▸ Exercise directions:
Produce as output only the lines below starting at the line with "2022年6月9日上午,惠州" and continuing through the line with "除了军训场上的军姿动作,内务", each one exactly as written.

▸ Listed entries:
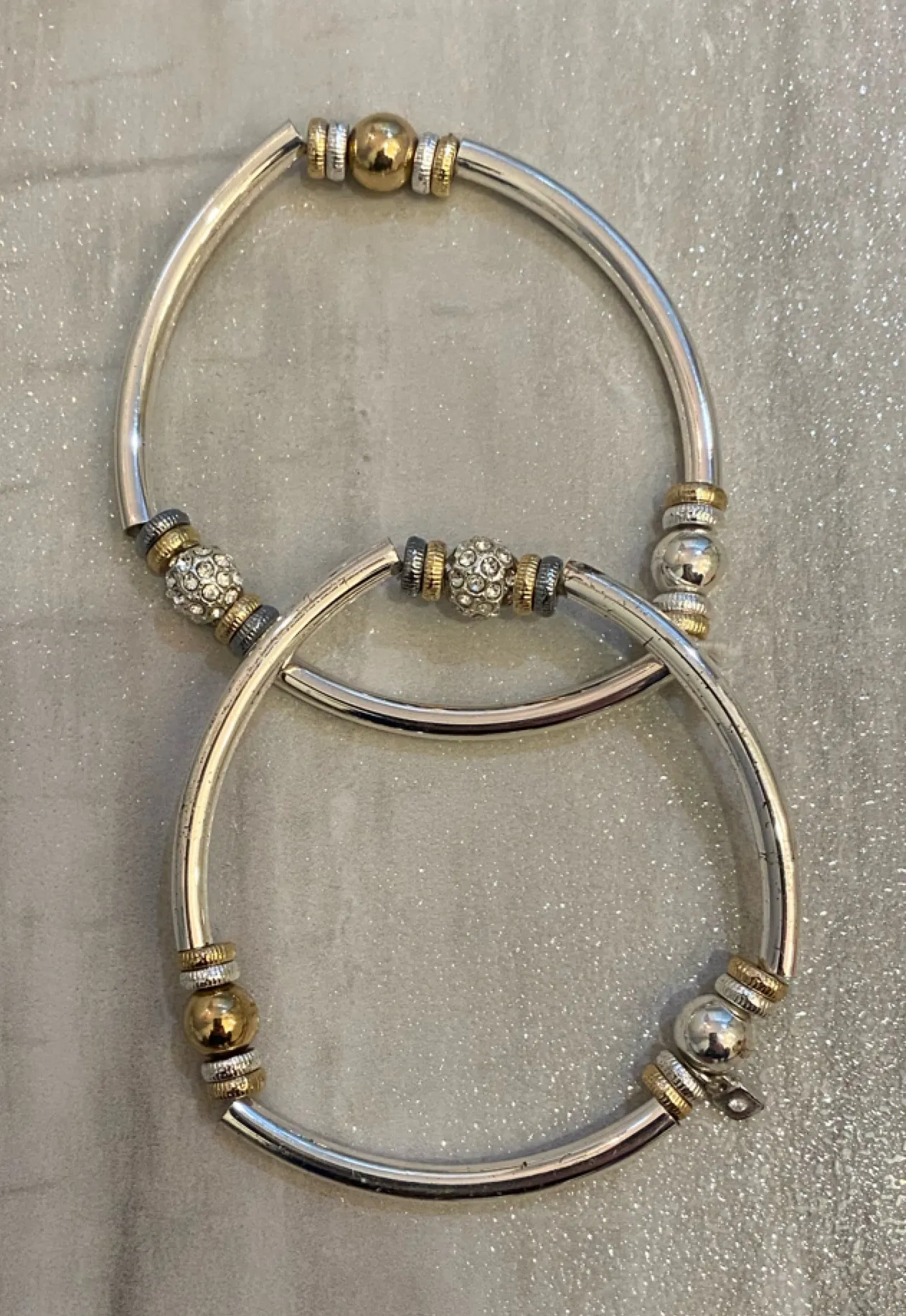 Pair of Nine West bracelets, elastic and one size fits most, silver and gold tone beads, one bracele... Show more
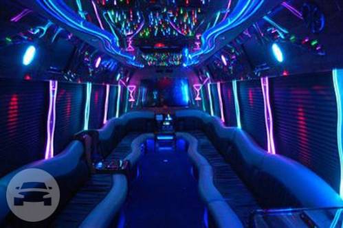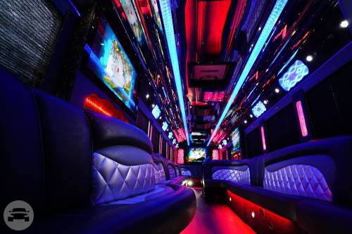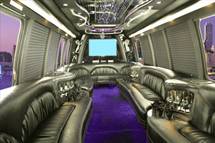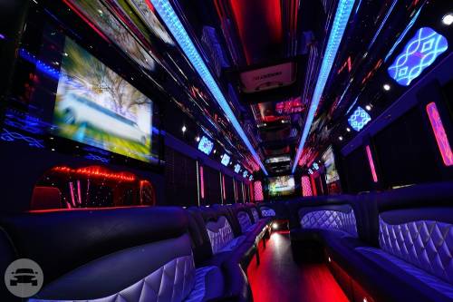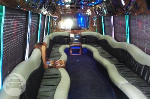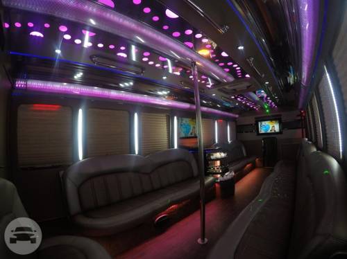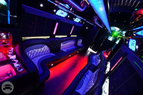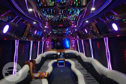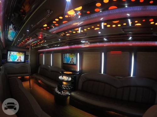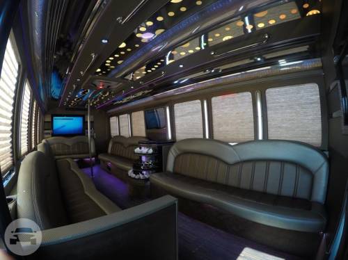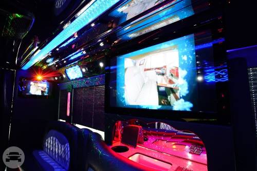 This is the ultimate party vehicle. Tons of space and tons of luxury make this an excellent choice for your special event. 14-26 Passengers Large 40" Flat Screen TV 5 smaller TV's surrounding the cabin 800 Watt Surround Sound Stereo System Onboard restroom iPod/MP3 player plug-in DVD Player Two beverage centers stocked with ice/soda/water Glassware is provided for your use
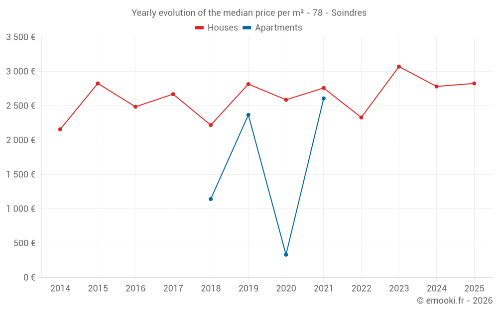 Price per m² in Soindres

...

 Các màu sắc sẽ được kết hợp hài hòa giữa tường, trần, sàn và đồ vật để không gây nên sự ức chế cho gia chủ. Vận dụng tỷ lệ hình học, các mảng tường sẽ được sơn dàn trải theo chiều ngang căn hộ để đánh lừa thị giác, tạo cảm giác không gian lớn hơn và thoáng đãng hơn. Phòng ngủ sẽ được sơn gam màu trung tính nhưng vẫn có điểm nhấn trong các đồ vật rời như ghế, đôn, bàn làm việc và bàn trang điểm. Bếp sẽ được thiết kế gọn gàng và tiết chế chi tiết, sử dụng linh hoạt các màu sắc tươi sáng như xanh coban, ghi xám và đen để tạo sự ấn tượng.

---

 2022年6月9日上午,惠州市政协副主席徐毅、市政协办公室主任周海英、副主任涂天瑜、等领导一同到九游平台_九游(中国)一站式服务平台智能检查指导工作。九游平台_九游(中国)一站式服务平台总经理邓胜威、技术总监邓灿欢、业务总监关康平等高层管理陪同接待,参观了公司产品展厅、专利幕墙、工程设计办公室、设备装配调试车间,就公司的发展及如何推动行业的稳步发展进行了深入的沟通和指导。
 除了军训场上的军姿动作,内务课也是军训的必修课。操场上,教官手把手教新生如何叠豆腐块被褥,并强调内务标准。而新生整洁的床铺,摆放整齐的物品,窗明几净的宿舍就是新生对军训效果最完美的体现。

▸ Exercise response:
 2022年6月9日上午,惠州市政协副主席徐毅、市政协办公室主任周海英、副主任涂天瑜、等领导一同到九游平台_九游(中国)一站式服务平台智能检查指导工作。九游平台_九游(中国)一站式服务平台总经理邓胜威、技术总监邓灿欢、业务总监关康平等高层管理陪同接待,参观了公司产品展厅、专利幕墙、工程设计办公室、设备装配调试车间,就公司的发展及如何推动行业的稳步发展进行了深入的沟通和指导。
 除了军训场上的军姿动作,内务课也是军训的必修课。操场上,教官手把手教新生如何叠豆腐块被褥,并强调内务标准。而新生整洁的床铺,摆放整齐的物品,窗明几净的宿舍就是新生对军训效果最完美的体现。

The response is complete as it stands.